While the output of these models is often striking, it’s hard to know exactly how they produce their results. Last week researchers in the US made the intriguing claim that the DALL-E 2 model might have invented its own secret language to talk about objects.
DALLE-2 has a secret language.
“Apoploe vesrreaitais” means birds.
“Contarra ccetnxniams luryca tanniounons” means bugs or pests.
The prompt: “Apoploe vesrreaitais eating Contarra ccetnxniams luryca tanniounons” gives images of birds eating bugs.
A thread (1/n)🧵 pic.twitter.com/VzWfsCFnZo
— Giannis Daras (@giannis_daras) May 31, 2022
By prompting DALL-E 2 to create images containing text captions, then feeding the resulting (gibberish) captions back into the system, the researchers concluded DALL-E 2 thinks Vicootes means “vegetables”, while Wa ch zod rea refers to “sea creatures that a whale might eat”.
These claims are fascinating, and if true, could have important security and interpretability implications for this kind of large AI model. So what exactly is going on?
Does DALL-E 2 have a secret language?
DALL-E 2 probably does not have a “secret language”. It might be more accurate to say it has its own vocabulary – but even then we can’t know for sure.

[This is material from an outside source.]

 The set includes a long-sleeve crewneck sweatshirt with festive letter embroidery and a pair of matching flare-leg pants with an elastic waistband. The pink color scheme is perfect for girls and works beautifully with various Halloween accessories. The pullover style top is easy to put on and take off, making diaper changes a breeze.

First of all, at this stage it’s very hard to verify any claims about DALL-E 2 and other large AI models, because only a handful of researchers and creative practitioners have access to them. Any images that are publicly shared (on Twitter for example) should be taken with a fairly large grain of salt, because they have been “cherry-picked” by a human from among many output images generated by the AI.

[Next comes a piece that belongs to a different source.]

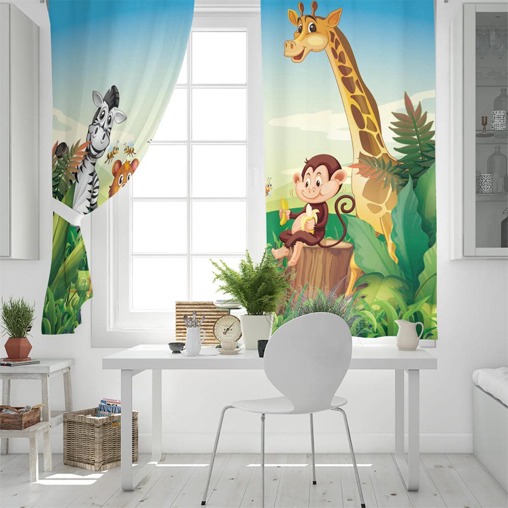 Oh, wie süß! Diese Zoo-Tiere Vorhänge verwandeln jedes Kinderzimmer in eine echte Safari-Landschaft. Mit Giraffen, Elefanten, Zebras und Affen - einfach bezaubernd! Jedes Panel ist 175cm hoch und 140cm breit, im Set sind zwei Stück enthalten. Aus weichem 100% Polyester, super pflegeleicht und angenehm in der Hand. Die Vorhänge sind nicht komplett blickdicht, aber dunklere Farben halten mehr Licht ab. Perfekt fürs Kinderzimmer, Wohnzimmer oder auch fürs Wohnmobil. Mit den praktischen Ösen oben einfach aufzuhängen und gleitet super leicht. Maschinenwaschbar bei 30 Grad - also kein Problem wenn mal was daneben geht. Ein tolles Geschenk zu Geburtstag, Weihnachten oder einfach so. Dein Kind wird begeistert sein!

Even those with access can only use these models in limited ways. For example, DALL-E 2 users can generate or modify images, but can’t (yet) interact with the AI system more deeply, for instance by modifying the behind-the-scenes code. This means “explainable AI” methods for understanding how these systems work can’t be applied, and systematically investigating their behaviour is challenging.
What’s going on then?
One possibility is the “gibberish” phrases are related to words from non-English languages. For instance, Apoploe, which seems to create images of birds, is similar to the Latin Apodidae, which is the binomial name of a family of bird species.

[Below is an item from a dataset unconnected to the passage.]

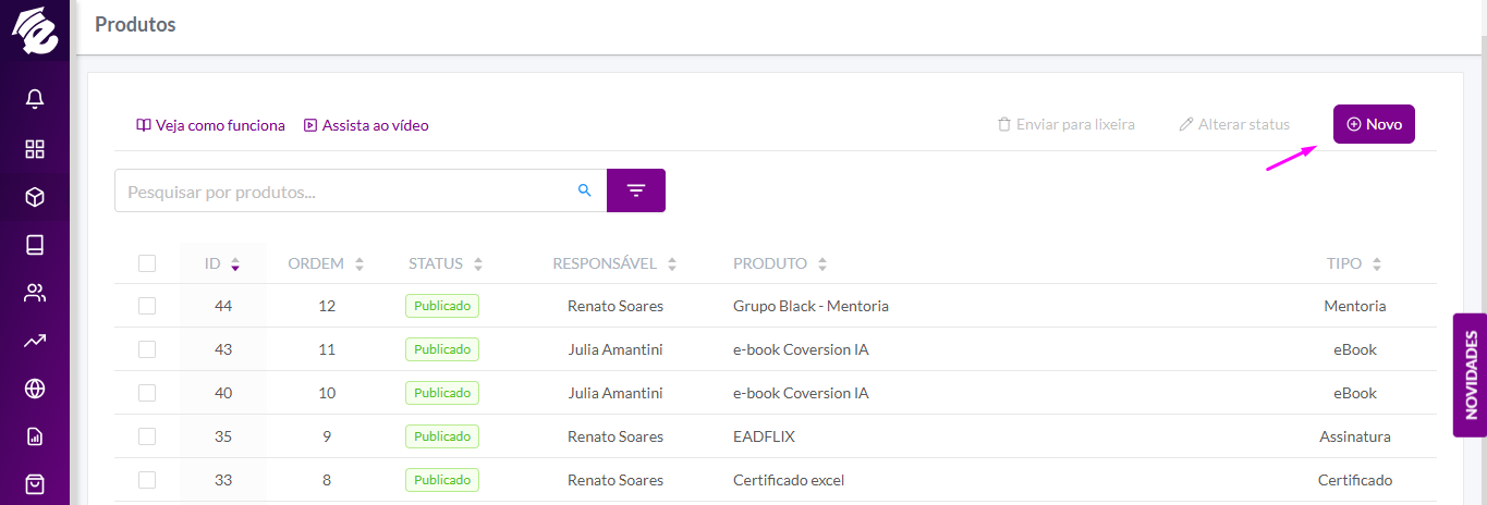 Para criar seu produto, acesse: Menu > Produtos > Todos os Produtos > Novo:

This seems like a plausible explanation. For instance, DALL-E 2 was trained on a very wide variety of data scraped from the internet, which included many non-English words.
Similar things have happened before: large natural language AI models have coincidentally learned to write computer code without deliberate training.
Is it all about the tokens?
One point that supports this theory is the fact that AI language models don’t read text the way you and I do. Instead, they break input text up into “tokens” before processing it.
Different “tokenization” approaches have different results. Treating each word as a token seems like an intuitive approach, but causes trouble when identical tokens have different meanings (like how “match” means different things when you’re playing tennis and when you’re starting a fire).
On the other hand, treating each character as a token produces a smaller number of possible tokens, but each one conveys much less meaningful information.